_Task item_:
Only the pictures should be dropped; copy the rest of the entries exactly.

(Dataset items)
◆ ◆ ◆ ◆

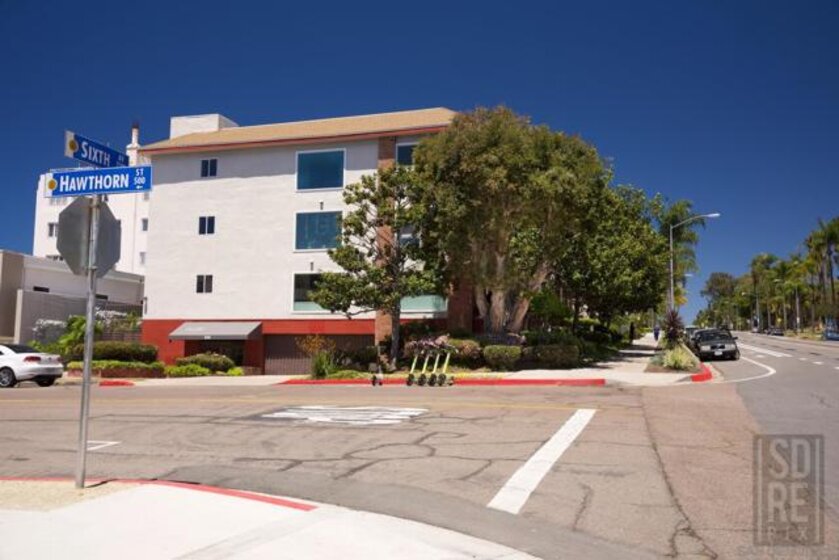 ***CORNER UNIT VIEWS INTO BALBOA PARK*** Very rare completely remodeled corner unit at Balboa Park. 2 bed 2 full bath condo with 2 car underground gated parking spots and extra storage. In unit laundry. Finishes include new windows, hard flooring, marble counters, butcher block kitchen island, custom white cabinetry, stainless steel appliances and new bathrooms. The condo is situated on Hawthorn and 6th Ave and the interior of the unit faces southeast directly into the park which allows for a nice greenbelt view but limits visibility inside the unit giving the interior a lot of light filled privacy. Parking is off street, gated, and in two separate assigned spots that are not tandem. Each parking space includes a small storage space for the condo. Walking distance to all of the amenities in Bankers Hill, close by downtown. Ideal location and rarely available.
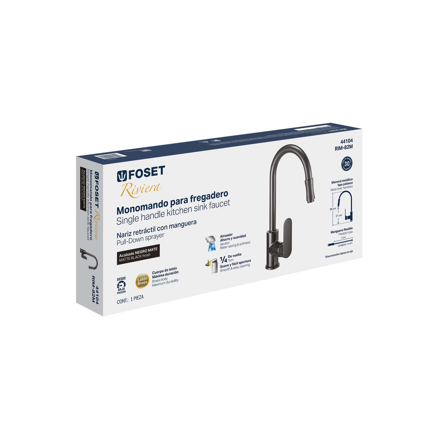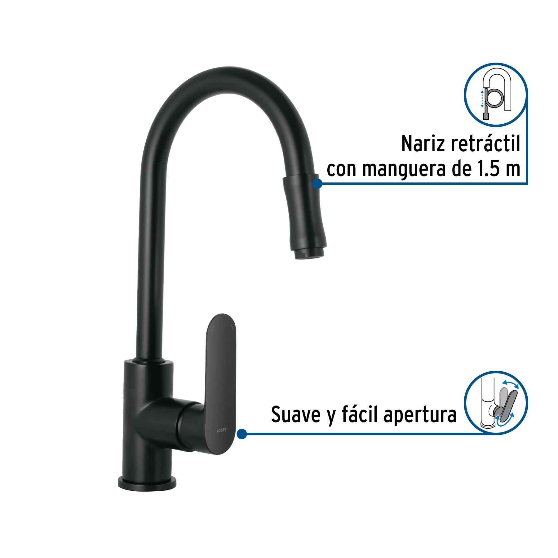 Monomando retráctil para fregadero, negro, FOSET RIVIERA
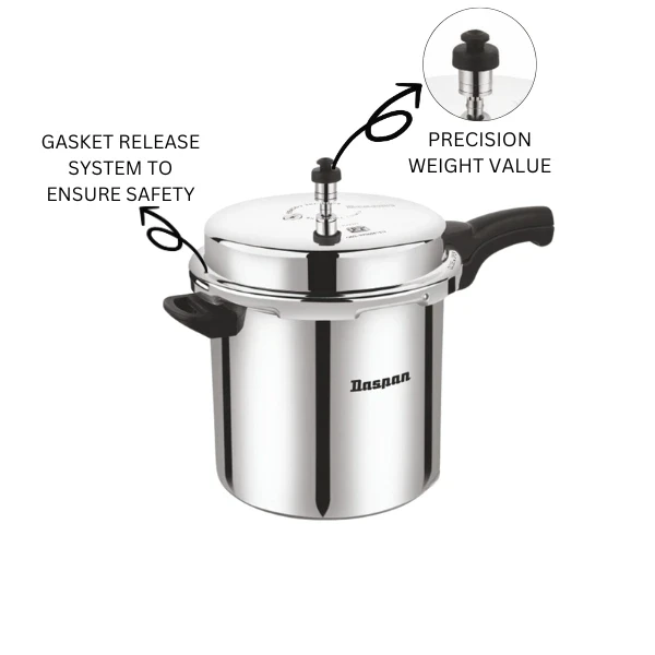 Safety is paramount with the Daspan 12 Ltr Pressure Cooker. The outer lid design enhances safety by providing a secure fit, while the strong locking mechanism ensures the lid stays firmly in place during cooking. The integrated pressure release valve efficiently manages excess steam, minimizing the risk of overpressure and ensuring safe cooking every time.
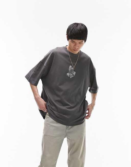 Topman extreme oversized fit t-shirt with praying hands embroidery in charcoal
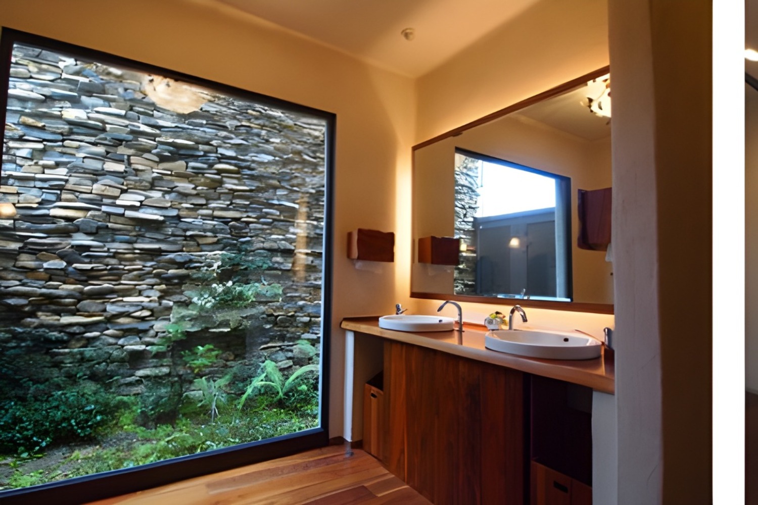 大きな開口部から差し込む光と照明により、シラス壁の表情を愉しむことができます。
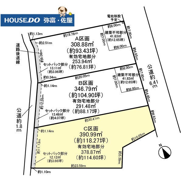 | 土地面積 | 公390.99㎡(118.27坪) | 接道 | 東側(公道)幅 約6.4m 間口 約6.83m 西側(公道)幅 約1.8m 間口 約11.13m |

◆ ◆ ◆ ◆

_Exercise answer_:
 ***CORNER UNIT VIEWS INTO BALBOA PARK*** Very rare completely remodeled corner unit at Balboa Park. 2 bed 2 full bath condo with 2 car underground gated parking spots and extra storage. In unit laundry. Finishes include new windows, hard flooring, marble counters, butcher block kitchen island, custom white cabinetry, stainless steel appliances and new bathrooms. The condo is situated on Hawthorn and 6th Ave and the interior of the unit faces southeast directly into the park which allows for a nice greenbelt view but limits visibility inside the unit giving the interior a lot of light filled privacy. Parking is off street, gated, and in two separate assigned spots that are not tandem. Each parking space includes a small storage space for the condo. Walking distance to all of the amenities in Bankers Hill, close by downtown. Ideal location and rarely available.
 Monomando retráctil para fregadero, negro, FOSET RIVIERA
 Safety is paramount with the Daspan 12 Ltr Pressure Cooker. The outer lid design enhances safety by providing a secure fit, while the strong locking mechanism ensures the lid stays firmly in place during cooking. The integrated pressure release valve efficiently manages excess steam, minimizing the risk of overpressure and ensuring safe cooking every time.
 Topman extreme oversized fit t-shirt with praying hands embroidery in charcoal
 大きな開口部から差し込む光と照明により、シラス壁の表情を愉しむことができます。
 | 土地面積 | 公390.99㎡(118.27坪) | 接道 | 東側(公道)幅 約6.4m 間口 約6.83m 西側(公道)幅 約1.8m 間口 約11.13m |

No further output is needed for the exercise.